The original population starts with 450 individuals of genotype AA, 380 of genotype Aa, and 170 individuals of aa.

Total genotypes = (AA+Aa+aa) = (450+380+170) = 1000

Frequency of any genotype = number of that particular genotype / number of total genotypes

Thus, Frequency of AA = 450/1000 = 0.45

Frequency of Aa = 380/1000 = 0.38

Frequency of aa = 170/1000 = 0.17

Now, Frequency of allele A = Frequency of AA + ½ of frequency of Aa (because there are half of the alleles are A in the genotype Aa and other half are a)

Frequency of allele A = [0.45 + 1/2(0.38)] = [0.45 + 0.19] = 0.64

Thus, the starting allele frequency for the (A) allele (in other words, what is p0) is 0.64

The selection co-efficient (s) for AA [sAA] is 0 because birds of genotype AA lay perfect eggs; the selection co-efficient (s) for Aa [sAa] is 0.1 because Aa suffer 10% egg breakage; and the selection co-efficient (s) for aa [saa] is .7 because aa suffer 70% egg breakage.
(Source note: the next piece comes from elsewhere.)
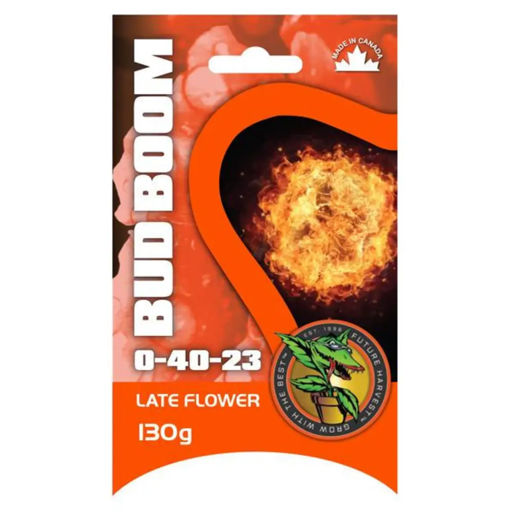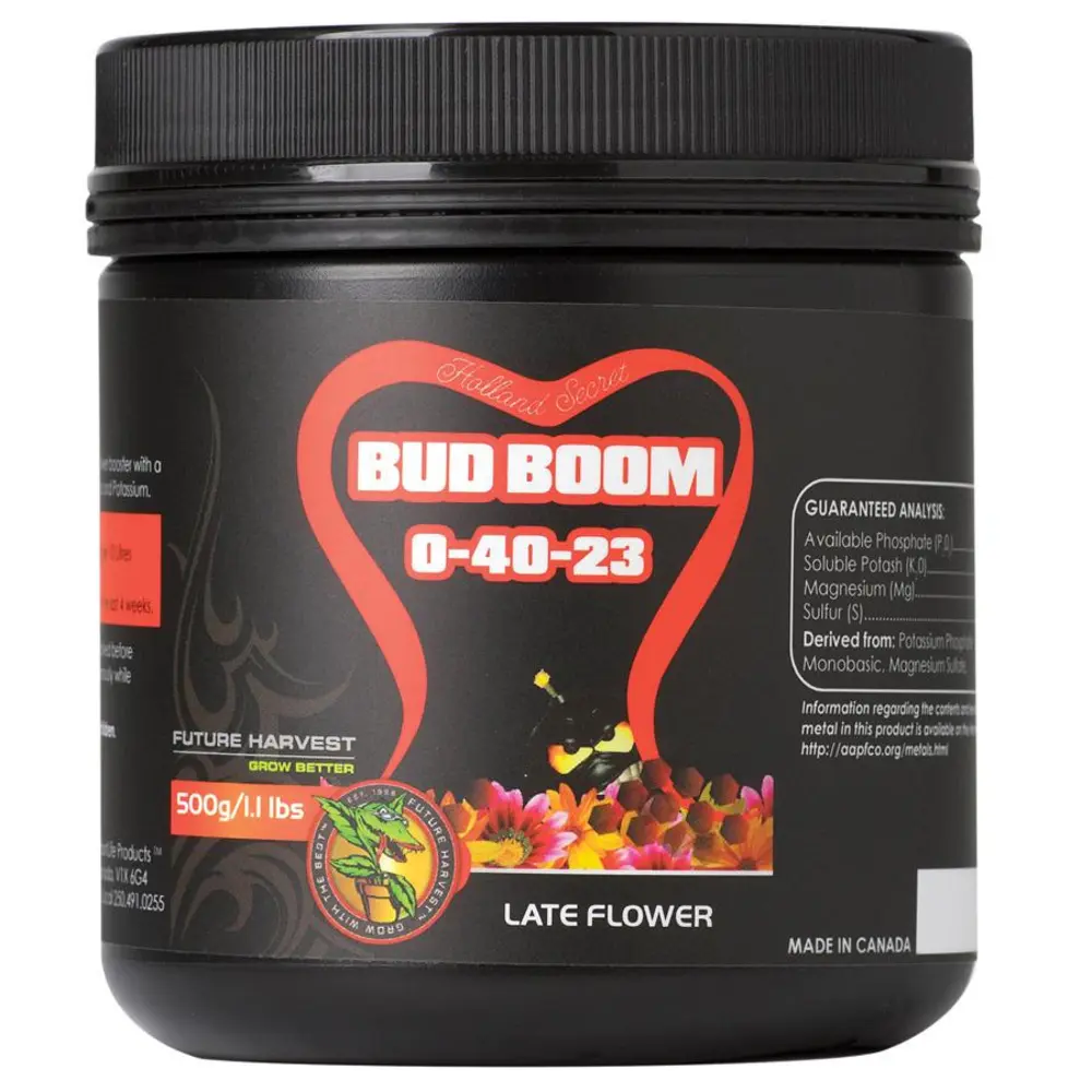 Bud Boom is a floral hardener and a finisher, designed to ripen fruits and bring out the tastes and smells locked deep down in the genetics of your plants. The key performance benefits are weight gain, increased flower density and enhanced flavour in fruiting crops. Bud Boom is a P-K additive containing sulfur and magnesium; both of which are elements that help to ripen plants off. It will show visible results quickly, with the main benefits being an increased yield and enhanced flavour. It's a final boost for your crops at the end of the cycle. Key Features: Assists in pH control, enhances flavour in fruiting crops. It is super concentrated. Delivers visible results and happy harvests consistently, can be used with any branded fertilizer schedule and even on top of most additive schedule, it will ripen crops uniformly due to increased magnesium and sulfur levels during final stages. Future Harvest products are available for fall booking. Inventory is restocked once yearly, with potential for repeats based on order minimums.

The fitness (w) = 1-s; thus, fitness for AA is (1-0) = 1, Aa is (1-0.1) = 0.9 and aa is (1-0.7) = 0.3

p0 generation	AA	Aa	aa	Total
Number	450	380	170	1000
Frequency	0.45	0.38	0.17	1.0
Fitness (w)	1.0	0.9	0.3
p1 generation	AA	Aa	aa	Total
Number	(450×1.0) = 450	(380×0.9) = 342	(170×0.3) = 51	(450+342+51) = 843
Relative Frequency	(0.45×1.0) = 0.45	(0.38×0.9) = 0.342	(0.17×0.3) = 0.051	(0.45+0.342+ 0.051) = 0.843
Frequency	0.45/0.843 = 0.5338	0.342/0.843 = 0.4057	0.051/0.843 = 0.0605	(0.5338+0.4057 +0.0605) = 1.0

Thus, genotype frequency in the adults after one generation (in p1 generation) is, AA = 0.5338, Aa = 0.4057 and aa = 0.0605.

Now, Frequency of allele A = Frequency of AA + ½ of frequency of Aa (because there are half of the alleles are A in the genotype Aa and other half are a)

Frequency of allele A = [0.5338+ 1/2(0.4057)] = [0.5338+ 0.20285] = 0.73665

Frequency of allele a = Frequency of aa + ½ of frequency of Aa (because there are half of the alleles are A in the genotype Aa and other half are a)

Frequency of allele a = [0.0605+ 1/2(0.4057)] = [0.5338+ 0.20285] = 0.26335

Thus, the allele frequency for the (A) allele be in the adults after one generation (what is p1) will be 0.73665

Answer b:

We assume that frequency of allele A = p and frequency of allele a = q

Thus, the allele frequency in the adults after one generation for the (A) allele will be 0.73665 and for (a) allele will be 0.26335

If the p1 generation of adults reproduced by random mating, the genotype frequency will be AA = p2, Aa = 2pq and aa = q2.(according to Hardy-Weinberg equilibrium)

So, AA = (0.73665)2 = 0.5265, Aa = (2×0.73665×0.26335) = 0.388 and aa = (0.26335)2 = 0.06935

Thus, if the p1 generation of adults reproduced by random mating, the number of chicks in the population would you expect to find with the aa genotype (the most fragile) if you counted a total of 100 baby falcons = (frequency of aa ×100) = (0.06935×100) = 6.935; as baby falcons cannot come in fraction number thus approximately 7 baby falcon will of aa genotype.